**Given records**.
::::

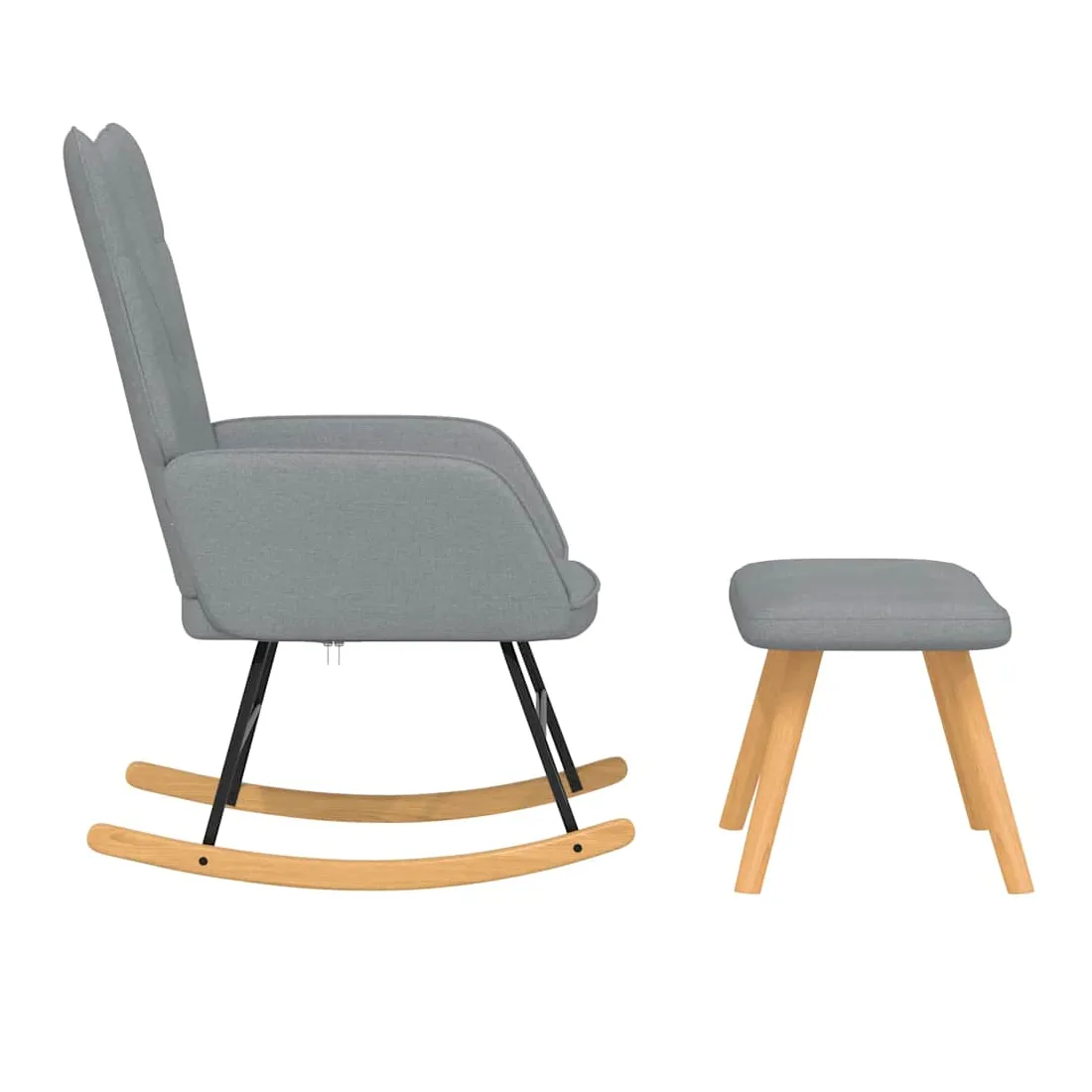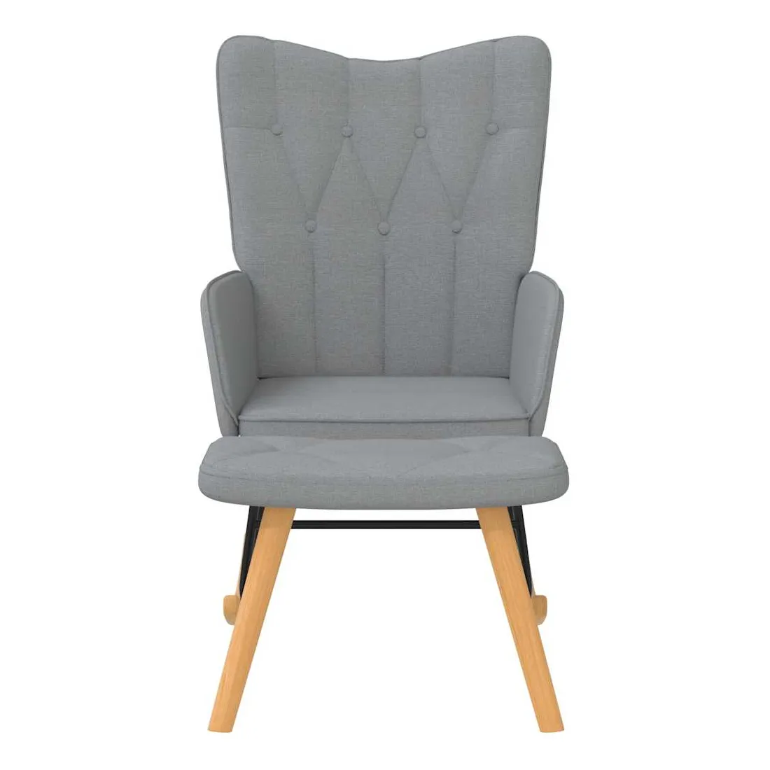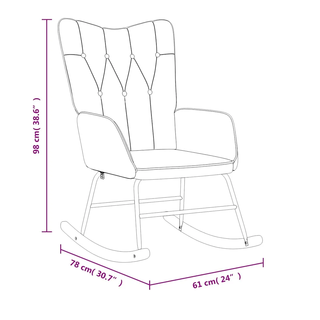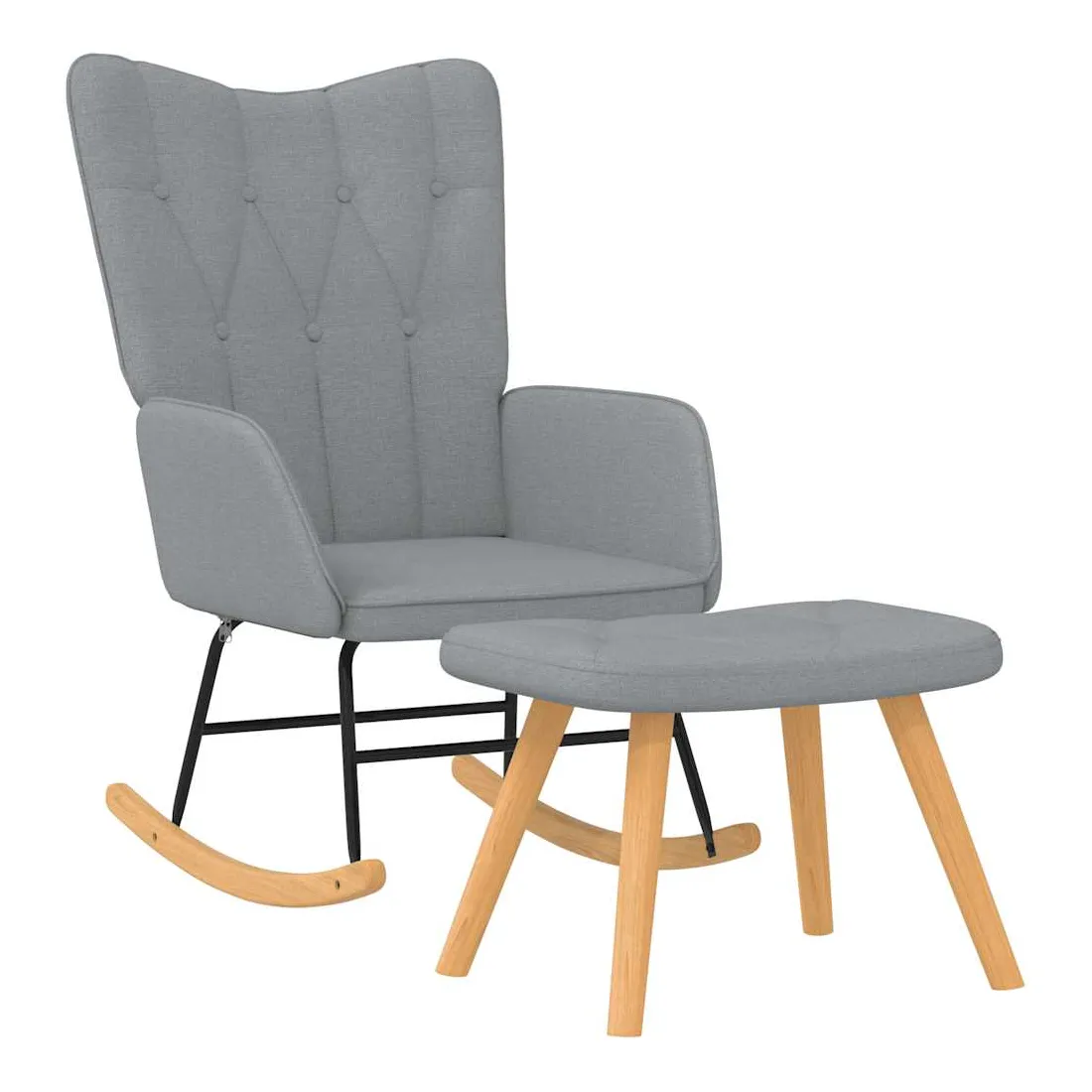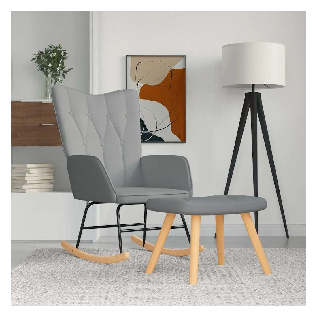 Cette chaise à bascule avec tabouret, au design chic et élégant, apportera une touche de modernité à votre décoration. Dotée de 7 boutons et de lignes, cette chaise de relaxation est esthétique. Grâce à sa mousse rembourrée recouverte d'un tissu doux au toucher, vous pourrez profiter d'un confort optimal pendant votre temps d'assise. Avec la conception de longs rails à bascule, le fauteuil ne basculera pas facilement. De plus, soutenue par un cadre et des pieds en acier, ainsi que par des rails à bascule en bois, la chaise de salon avec un tabouret est stable et durable.
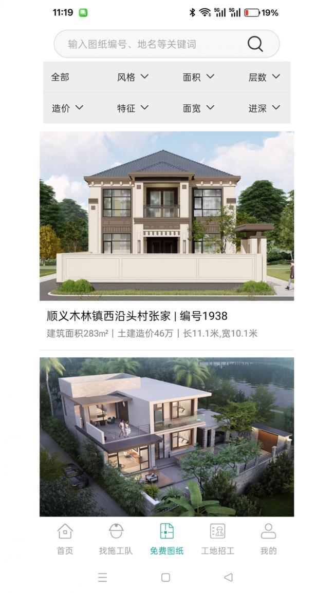 乡住app下载是一款非常实用的自建房设计软件,其中能够为用户提供多样建房服务以及建材服务等多种功能,其中包含了丰富优质的建房图纸,用户可以直接在手机上进行查看,让你可以在众多图纸当中找到符合自己需要的图纸,也可以通过不同的图纸为你带来灵感自主设计建房图纸,并且还可以为你提供筛选功能,可以通过不同的选项更加精准的找寻到你需要的图纸,还可以为你提供同城建材服务,可以帮助用户解决建房需求的建材问题,所有的价格都是公开透明的,不用担心会上当受骗,非常的实用和方便,其中还有许多优质的功能,可以为你带来便捷。喜欢的伙伴们快来下载试试吧。
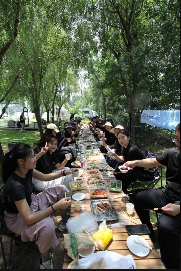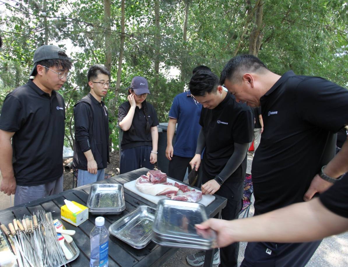 游戲的歡呼余韻未散,眾人便迅速投入燒烤“美食戰(zhàn)場”。大家密切配合,有的熟練地將鮮嫩肉塊切成小塊;有的則化身“串串大師”將肉塊錯落有致地串在竹簽上;經(jīng)驗(yàn)豐富的“燒烤達(dá)人”則守在烤爐旁,精準(zhǔn)把控火候,適時翻面。炭火噼啪作響,肉串滋滋冒油,歡聲笑語中,陣陣香氣彌漫開來,將團(tuán)建的歡樂氛圍推向新的高潮。
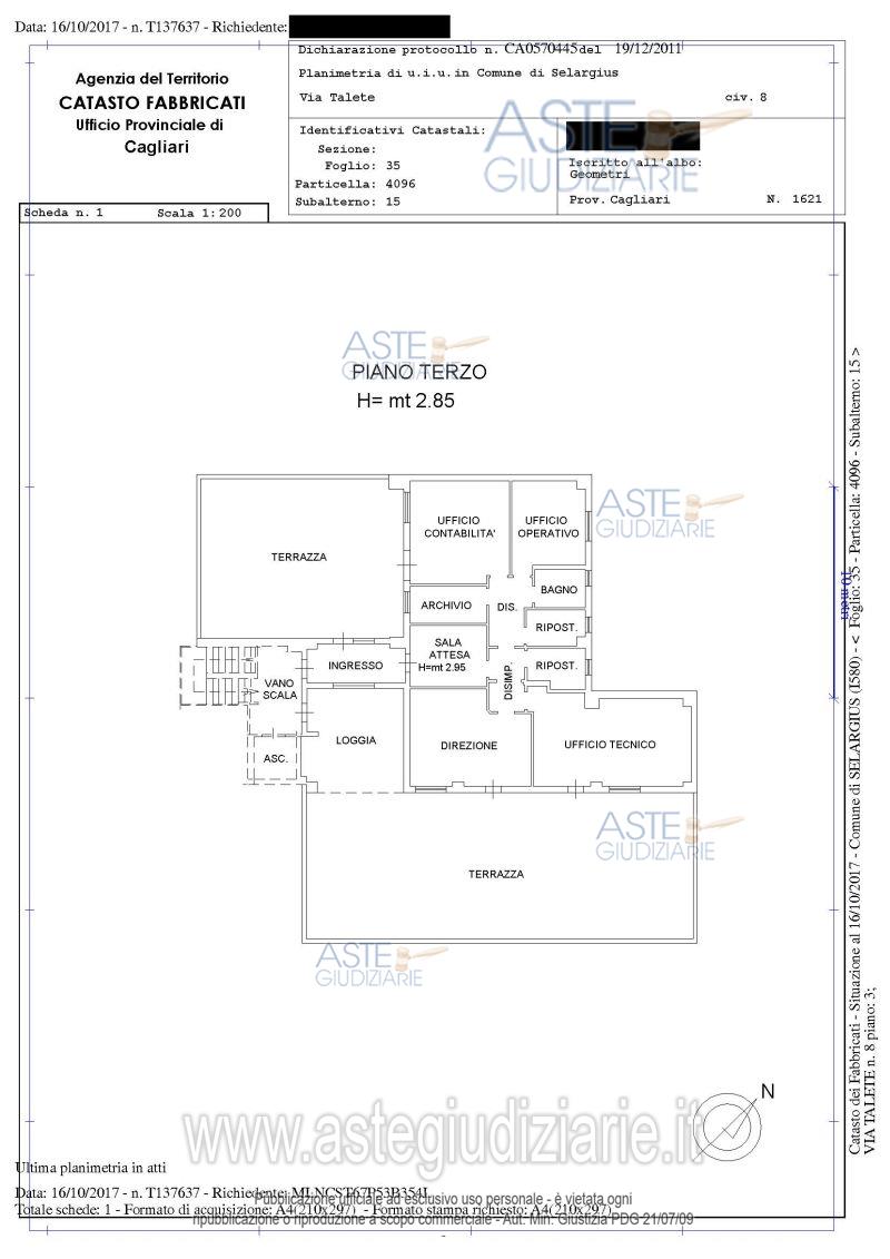 Vendita all'asta Senza incanto, con gara telematica asincrona - LOTTO 6: Intera Proprietà - Unità immobiliare sita in Comune di Selargius (CA) Via Talete, censita al N.C.E.U. al fg 35 mappale 4096 sub 15, cat. A/10, classe 4, vani 7,5, R.C. Euro 1.565,74; è ubicato al piano terzo del maggior fabbricato. L’immobile nel progetto ha destinazione quale ufficio. Si sviluppa su una superficie lorda di mq 197,00 di cui mq 71,00 abusivi non sanabili (netta mq 152,05, di cui 49,00 abusivi non sanabili), due terrazze della superficie complessiva di 188,30 mq. Prezzo base € 115.668,00 (offerta minima € 86.751,00). Data inizio operazioni di vendita: 13/01/2026 ore 16:00. Giudice Dott. Silvia Cocco. Professionista delegato alla vendita Avv. Marco Di Fortunato - Cell. 3356185295. Custode Giudiziario Ivg Di Cagliari - Email "ivg.visiteimmobili@tiscali.it"; Tel. 0702299036. Rif. Tribunale di Cagliari - Esecuzione immobiliare post legge 80 n. 266/2015
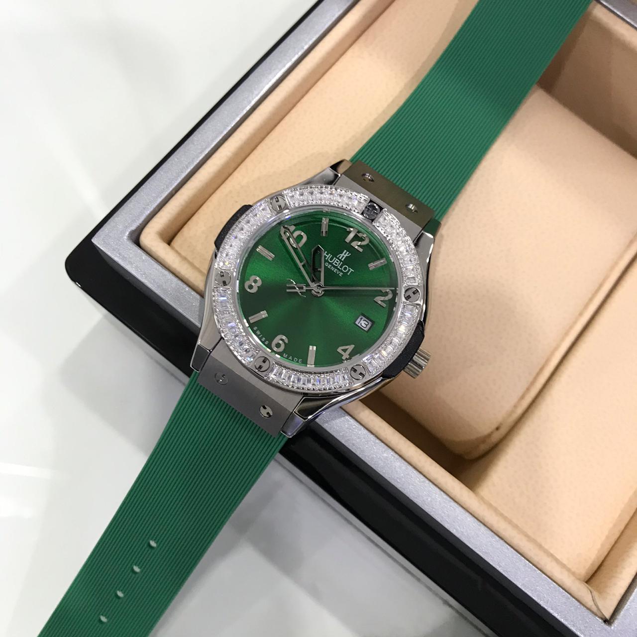 Часы женские Hublot LUX-25446 — это элегантный аксессуар, сочетающий в себе спортивный стиль и роскошь. Яркий зеленый циферблат в сочетании с серебристым корпусом и инкрустацией камнями придает часам особый шарм. Зеленый каучуковый ремешок обеспечивает комфортное ношение.
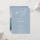 Este convite de festa de noivado "ela disse sim" azul empoeirado e elegante pode ser personalizado com os detalhes da sua festa de noivado e a sua foto especial no verso. Concebido por Thisisnotme©
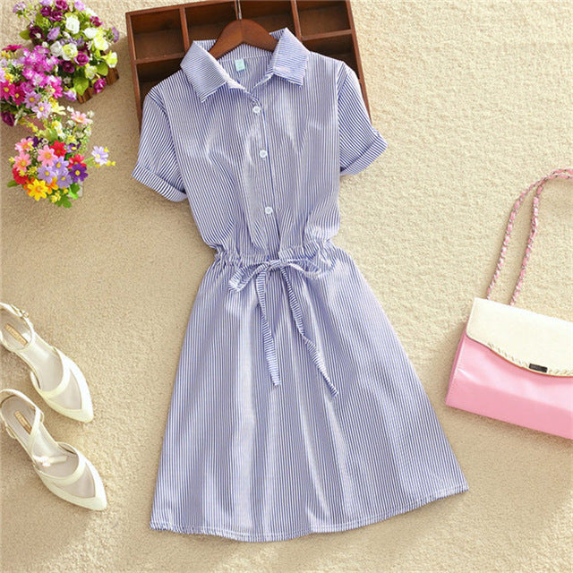 Office Summer Dress Shirt Elegant Blue Stripped Cotton Turn Down Collar Wear to Work Shirts Women Dresses
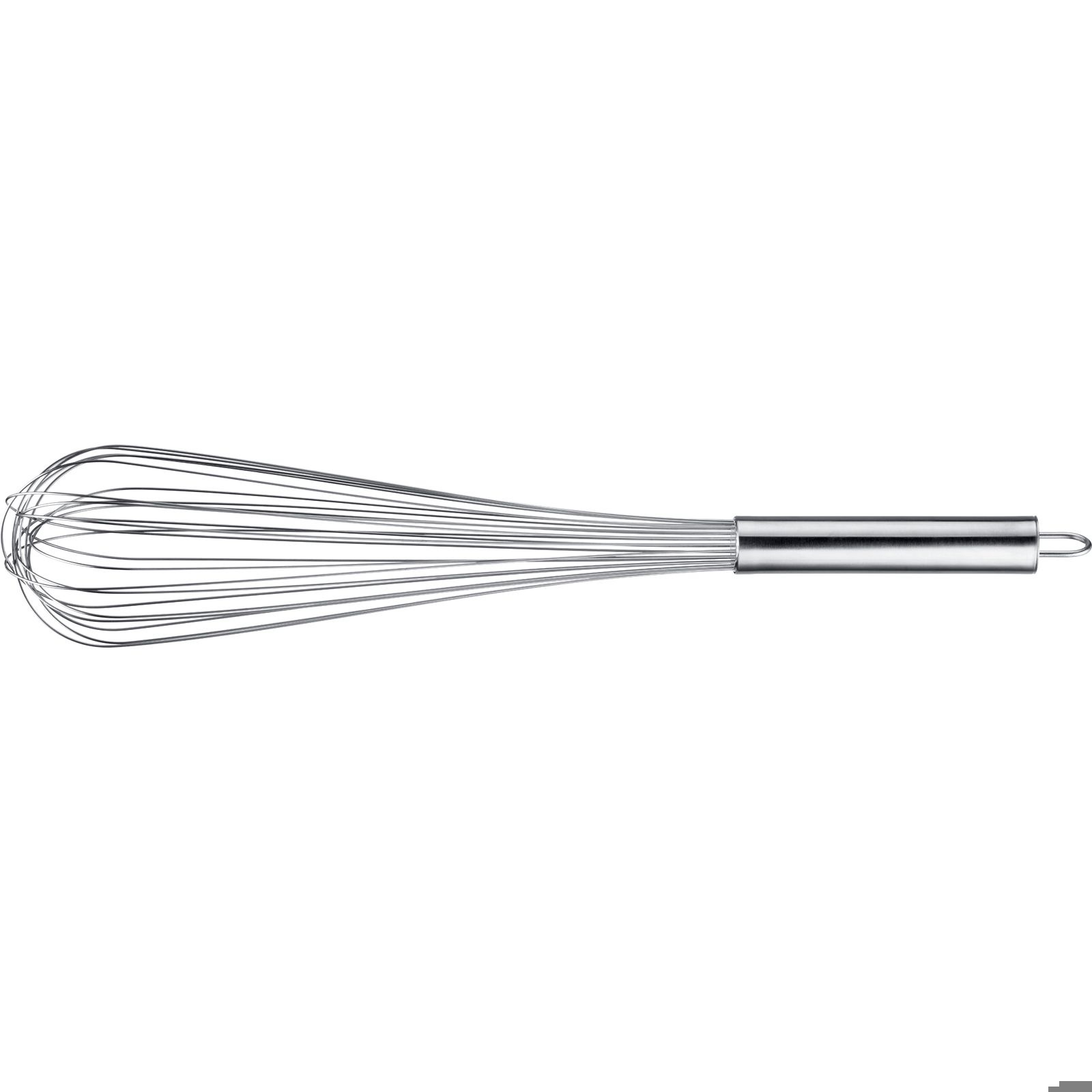 Visp i rostfritt stål med flexibla trådar för effektiv och luftig vispning. Utrustad med vattentätt handtag och upphängningsögla. Passar för professionella kök och tål diskmaskin.
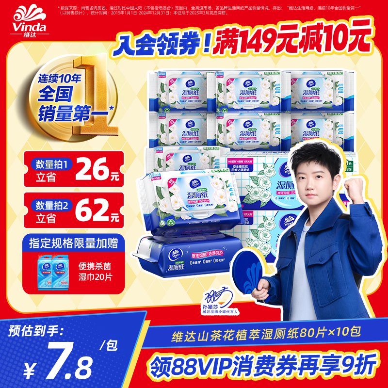 维达山茶花湿厕纸80片家庭实惠装女士专用湿厕巾孕妇专用湿厕纸巾
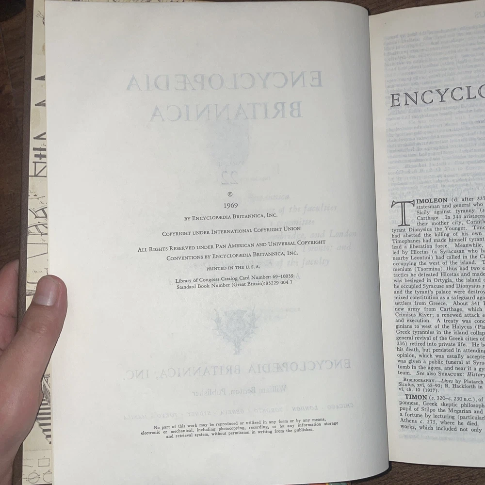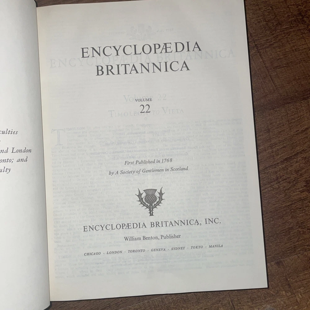The Encyclopedia Britannica 200th Anniversary Edition 23 Book Set from 1969 is a comprehensive collection of encyclopedias in English, published by Encyclopædia Britannica, Inc. The set includes an index for easy reference and covers a wide range of topics, making it a valuable resource for anyone interested in reference materials. Authored by various contributors, the set is bound in leather and is an original edition, making it a desirable item for collectors and those seeking a wealth of knowledge in one convenient package.
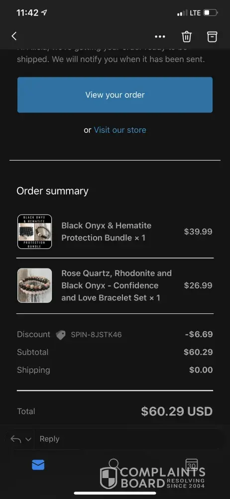 It's just got taking too long at this point. I'd prefer my money back on the Rose Quartz black onyx love set. Also my other bracelet black onyx protection bracelet bundle. Email [protected]@outlook.com.

::::

**What this task involves**. Reproduce the whole listing verbatim and keep all pictures out of it.

**Response area**.
 Cette chaise à bascule avec tabouret, au design chic et élégant, apportera une touche de modernité à votre décoration. Dotée de 7 boutons et de lignes, cette chaise de relaxation est esthétique. Grâce à sa mousse rembourrée recouverte d'un tissu doux au toucher, vous pourrez profiter d'un confort optimal pendant votre temps d'assise. Avec la conception de longs rails à bascule, le fauteuil ne basculera pas facilement. De plus, soutenue par un cadre et des pieds en acier, ainsi que par des rails à bascule en bois, la chaise de salon avec un tabouret est stable et durable.
 乡住app下载是一款非常实用的自建房设计软件,其中能够为用户提供多样建房服务以及建材服务等多种功能,其中包含了丰富优质的建房图纸,用户可以直接在手机上进行查看,让你可以在众多图纸当中找到符合自己需要的图纸,也可以通过不同的图纸为你带来灵感自主设计建房图纸,并且还可以为你提供筛选功能,可以通过不同的选项更加精准的找寻到你需要的图纸,还可以为你提供同城建材服务,可以帮助用户解决建房需求的建材问题,所有的价格都是公开透明的,不用担心会上当受骗,非常的实用和方便,其中还有许多优质的功能,可以为你带来便捷。喜欢的伙伴们快来下载试试吧。
 游戲的歡呼余韻未散,眾人便迅速投入燒烤“美食戰(zhàn)場”。大家密切配合,有的熟練地將鮮嫩肉塊切成小塊;有的則化身“串串大師”將肉塊錯落有致地串在竹簽上;經(jīng)驗(yàn)豐富的“燒烤達(dá)人”則守在烤爐旁,精準(zhǔn)把控火候,適時翻面。炭火噼啪作響,肉串滋滋冒油,歡聲笑語中,陣陣香氣彌漫開來,將團(tuán)建的歡樂氛圍推向新的高潮。
 Vendita all'asta Senza incanto, con gara telematica asincrona - LOTTO 6: Intera Proprietà - Unità immobiliare sita in Comune di Selargius (CA) Via Talete, censita al N.C.E.U. al fg 35 mappale 4096 sub 15, cat. A/10, classe 4, vani 7,5, R.C. Euro 1.565,74; è ubicato al piano terzo del maggior fabbricato. L’immobile nel progetto ha destinazione quale ufficio. Si sviluppa su una superficie lorda di mq 197,00 di cui mq 71,00 abusivi non sanabili (netta mq 152,05, di cui 49,00 abusivi non sanabili), due terrazze della superficie complessiva di 188,30 mq. Prezzo base € 115.668,00 (offerta minima € 86.751,00). Data inizio operazioni di vendita: 13/01/2026 ore 16:00. Giudice Dott. Silvia Cocco. Professionista delegato alla vendita Avv. Marco Di Fortunato - Cell. 3356185295. Custode Giudiziario Ivg Di Cagliari - Email "ivg.visiteimmobili@tiscali.it"; Tel. 0702299036. Rif. Tribunale di Cagliari - Esecuzione immobiliare post legge 80 n. 266/2015
 Часы женские Hublot LUX-25446 — это элегантный аксессуар, сочетающий в себе спортивный стиль и роскошь. Яркий зеленый циферблат в сочетании с серебристым корпусом и инкрустацией камнями придает часам особый шарм. Зеленый каучуковый ремешок обеспечивает комфортное ношение.
 Este convite de festa de noivado "ela disse sim" azul empoeirado e elegante pode ser personalizado com os detalhes da sua festa de noivado e a sua foto especial no verso. Concebido por Thisisnotme©
 Office Summer Dress Shirt Elegant Blue Stripped Cotton Turn Down Collar Wear to Work Shirts Women Dresses
 Visp i rostfritt stål med flexibla trådar för effektiv och luftig vispning. Utrustad med vattentätt handtag och upphängningsögla. Passar för professionella kök och tål diskmaskin.
 维达山茶花湿厕纸80片家庭实惠装女士专用湿厕巾孕妇专用湿厕纸巾
The Encyclopedia Britannica 200th Anniversary Edition 23 Book Set from 1969 is a comprehensive collection of encyclopedias in English, published by Encyclopædia Britannica, Inc. The set includes an index for easy reference and covers a wide range of topics, making it a valuable resource for anyone interested in reference materials. Authored by various contributors, the set is bound in leather and is an original edition, making it a desirable item for collectors and those seeking a wealth of knowledge in one convenient package.
 It's just got taking too long at this point. I'd prefer my money back on the Rose Quartz black onyx love set. Also my other bracelet black onyx protection bracelet bundle. Email [protected]@outlook.com.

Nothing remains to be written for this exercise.